Vijay Iyer (Jimmy Katz)

Sehr stark setzt sich Iyer inzwischen immer wieder mit der Musik und Kultur des Herkunftslandes seiner Eltern auseinander. Viel mehr noch als Indien spiegelt sich in seiner Musik der Ansatz seines ersten Studiums, das der Physik gewidmet war: so fließen physikalische, mathematische und neurowissenschaftliche Überlegungen stets mit ein, wenn Iyer sich mit Musik beschäftigt: allein, die Musik und ihre Ausdruckskraft will er nie wieder gegen etwas anderes tauschen müssen.

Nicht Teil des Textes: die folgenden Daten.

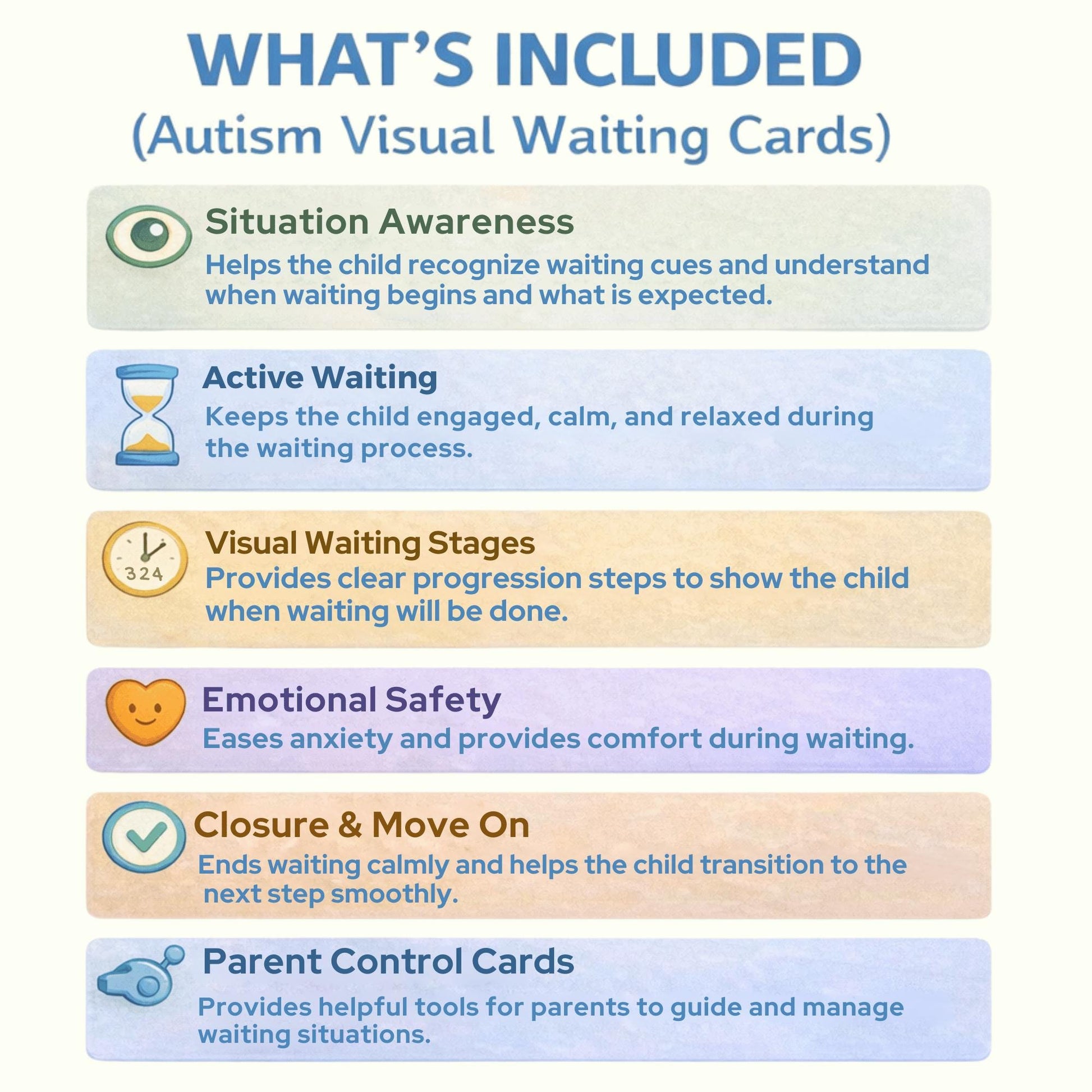 Helps the child understand the situation and feel safe. The cards reassure the child that waiting is temporary and nothing is wrong.

Carina Prange sprach für Jazzdimensions mit Vijay Iyer

Carina: Lass uns mit dem Albumtitel anfangen: Für den Begriff "Historicity" gibst du zwei Erklärungen an, von denen die zweite auf das Album zutrifft: "Der Zustand, in den Ablauf der Geschichte eingebettet zu sein; ebenfalls: das Ergebnis einer solchen Einbettung". Es gäbe keinen Zweifel, erläuterst du weiter, dass es "die Geschichte" sei, die unseren hauptsächlichen Ansporn darstelle. In diesem Zusammenhang: welche Bedeutung haben Geschichte, Gegenwart und Zukunft für dich und für die Musik im Allgemeinen?

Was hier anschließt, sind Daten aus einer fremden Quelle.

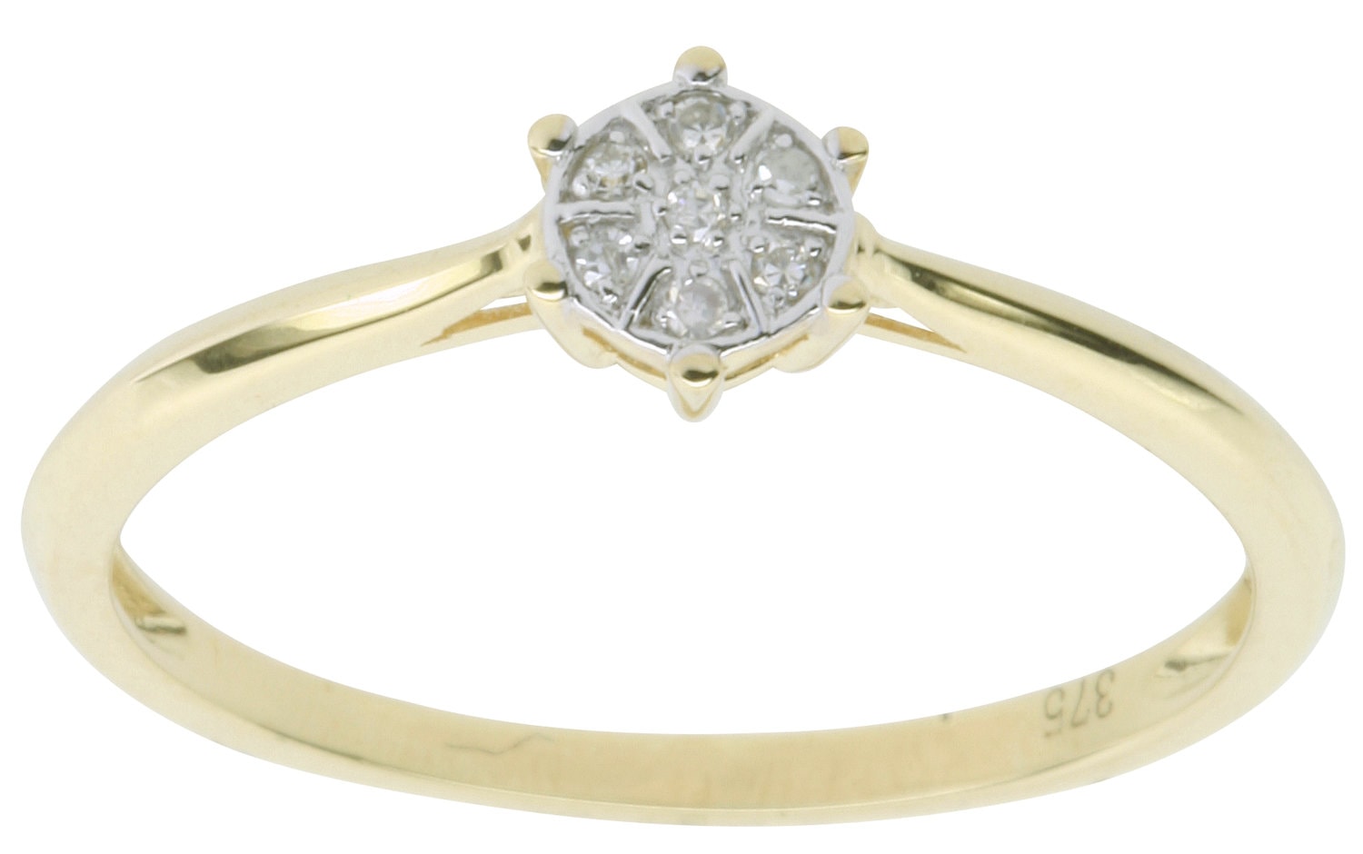 9ct Yellow Gold Cluster Diamond Solitaire Look Ring

Vijay: Ich will es mal so sagen: Wenn wir improvisieren… und das machen wir ja eigentlich immer, nicht nur als Musiker, sondern generell als Menschen. Die Fähigkeit zur Improvisation ist eine der Grundfertigkeiten des Lebens. Und indem wir dies tun, vereinen wir alle drei von dir genannten Aspekte.

Erstens bringt uns die Improvisation in direkten Kontakt mit dem Augenblick, mit der Gegegnwart. Aber unsere Handlungen sind bestimmt durch unsere Erinnerungen und Erfahrungen, also durch die Vergangenheit. Und so bewegen wir uns Richtung Zukunft, indem wir mit Hilfe der Vergangenheit improvisieren.

Besser kann ich's leider nicht ausdrücken. Der Begriff "Historicity", also "Historizität" ist einfach ein Wort für diesen Umstand. Das ist Teil unserer Existenz, eigentlich nichts Besonderes. Dass wir eingebettet in unsere Geschichte sind, in das, was uns als Individuen verbindet, ist es doch, was uns ausmacht.

Vijay Iyer (Jimmy Katz)

Carina: Und noch weiter verallgemeinert: inwieweit wird die Gegenwart tatsächlich von der Vergangenheit bestimmt? Muss jede Generation dieselben Erfahrungen machen wie die Generationen davor?

Vijay: Alles ist eine Sache wie man sich an Dinge erinnert. Die Erinnerung ist ausschlaggebend. Man sagt – zumindest im Englischen gibt es diesen Spruch – "wer die Geschichte kennt, braucht sie nicht zu wiederholen." Wir sind nur zu dem in der Lage, was uns im Rahmen unsere Auffassungsgabe zugänglich ist. Dass wir uns entwickeln, bedeutet nicht, dass wir uns dabei immer in dieselbe Richtung bewegen.

Carina: Du hast gemeinsam mit Rudresh Mahanthappa das Duo "Raw Materials". Ich zitiere von der MySpace-Seite: "Iyer und Mahanthappa repräsentieren eine neue Generation amerikanischer Jazzmusiker, die über ihre Musik die Kultur ihrer Vorfahren erkunden". Wie eng fühlst du dich Indien und der indischen Musik und Kultur verbunden?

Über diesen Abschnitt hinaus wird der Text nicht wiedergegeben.